I was a gawky twenty-four-year-old, about to embark on a tour of Berlin. The thrill of completing my advanced course in German mingled with the ominous tingle of living in a foreign city for two months.
Amma and Appa, however, reposed their full faith in me.
Appa’s Unwavering Support
I still remember that afternoon. Amma’s colleague had invited us for lunch. After digging into the delectable Bengali spread, we retired to the living room for a round or two of adda.
The man of the house took out a chilled beer bottle from the fridge. My teetotaler Appa, refused his offer. As he sipped the Kingfisher, Appa addressed him, “If you don’t mind, can you fix a drink for my daughter?”
Four pairs of wide eyes turned in his direction. Recovering his composure, the host asked Appa, “Did I hear you right, sir?”
“Yes. My daughter is going to Berlin. I want her to enjoy her life to the fullest. I have heard that people over there drink lots of beer. I want her to get used to the taste.”
Breaking Free from Tradition
That was just another example of Appa wanting only the best for me. As a loss-making private firm employee who had opted for the Voluntary Retirement Scheme, his income didn’t amount to much. However, the meagre finances never posed an obstacle to my higher education and the subsequent pursuit of an expensive foreign-language course.
“Why can’t your daughter get a job in a call centre and support you?”
“It’s high time she got married.”
“Why can’t you save your money for her marriage?”
The taunts kept on piling, but Appa didn’t budge. When I broke the news of my scholarship to my parents, he was the happiest person on earth.
Feminism in Action
Appa never put pressure on me to marry. He waited until I decided it was time I looked for a partner. I will never forget those words of wisdom he imparted to me on the eve of my wedding.
“I know your fiance is a good guy. But here’s one thing: if at all he raises his hand at you, walk out. Remember, we are always there for you. A slap is never justifiable.”
Mind you, this was years before Tapsee Pannu talked about that life-altering thappad in her film.
Appa was raised in those times when feminism and patriarchy were just words in the dictionary. However, unbeknownst to him, he became a champion of equality and equity. His insistence on my getting a proper, higher education, his undying support as I relentlessly pursued my dreams, and his assurance of his support in case my marriage broke apart—these were acts of a feminist who never screamed the F word from the rooftop.
A Shared Vision for the Future
During my last trip to Kolkata, I expressed relief at how the neighbours had stopped pestering me for the good news. At the same time, I realised how the same people must have hounded him. When I broached the no-child agreement with my husband, he agreed vehemently. He also believed that bringing a child into this world was nothing short of cruelty, especially when global warming and inflation only go northward.

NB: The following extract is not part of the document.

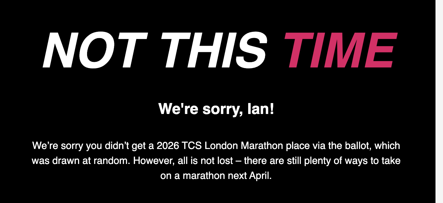 Still nowt… but I did get a last chance to enter Manchester email. Same company… last time that happen the London NOOO! was about an hour later.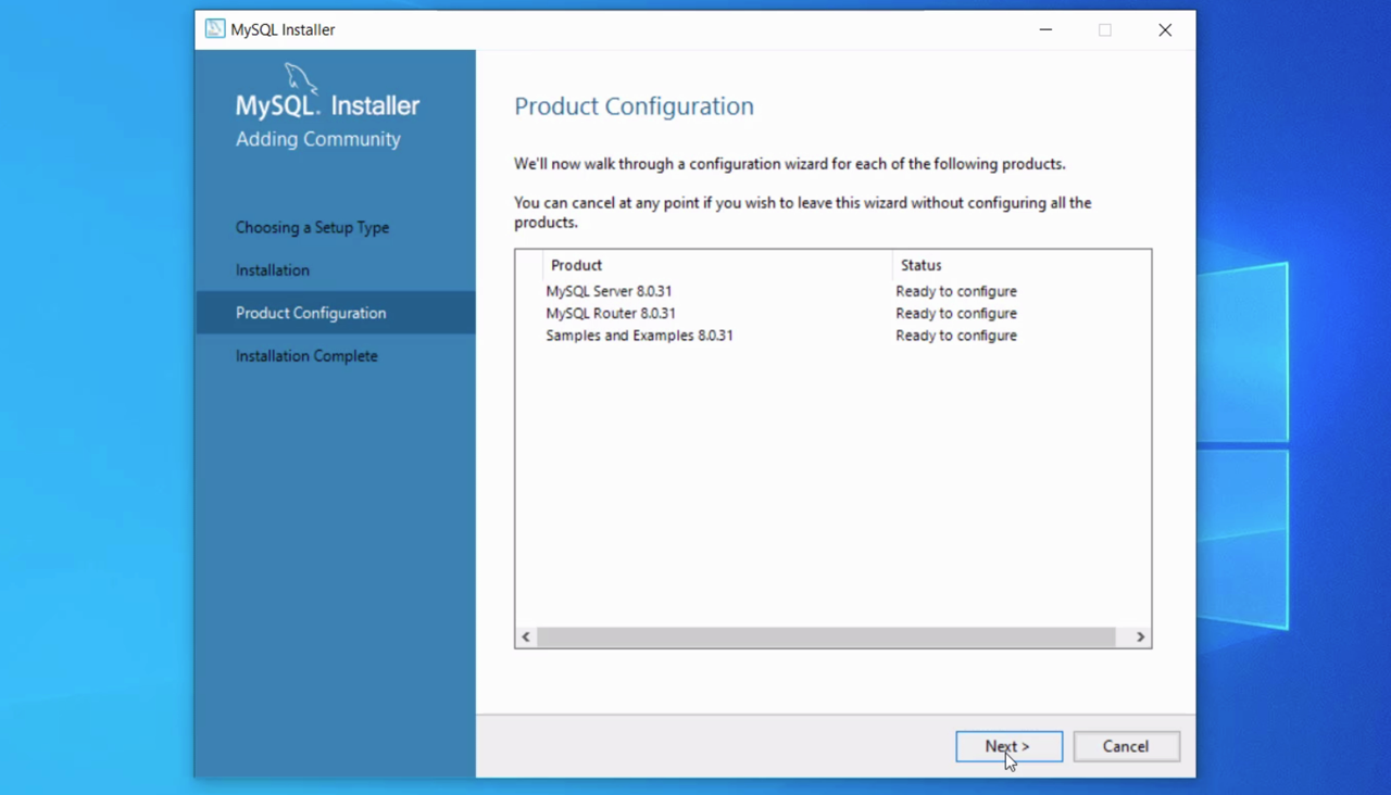 You’ll be taken back to the Product Configuration screen. The MySQL Server has been configured. Let’s proceed with the next two.

A Legacy of Love and Strength
His viewpoint might be debatable, but I’ll forever be grateful that Appa will always have my back, come what may. A widower for the past five years, he continues to lead his life with dignity, cooks tasty dishes, and looks after his health religiously. He might not leave behind wealth like an Ambani, but the legacy compensates for everything. I have huge shoes to fill. Am I intimidated? A bit. But I’m his daughter. And something tells me I will continue to uphold the values he stood for.
By Narayani V Manapadam
“Narayani is an IT Professional lost in the dreary world of Excel. When time permits, she loves to get lost in the maze of Word(s). But nothing makes her happier than being a cat momma to her beloved Uttam.”
She can be contacted at fraunara@gmail.com.
One Response
All through your article, the bond between your appa and you is just most commendable. I read through it with much interest. God bless you both ..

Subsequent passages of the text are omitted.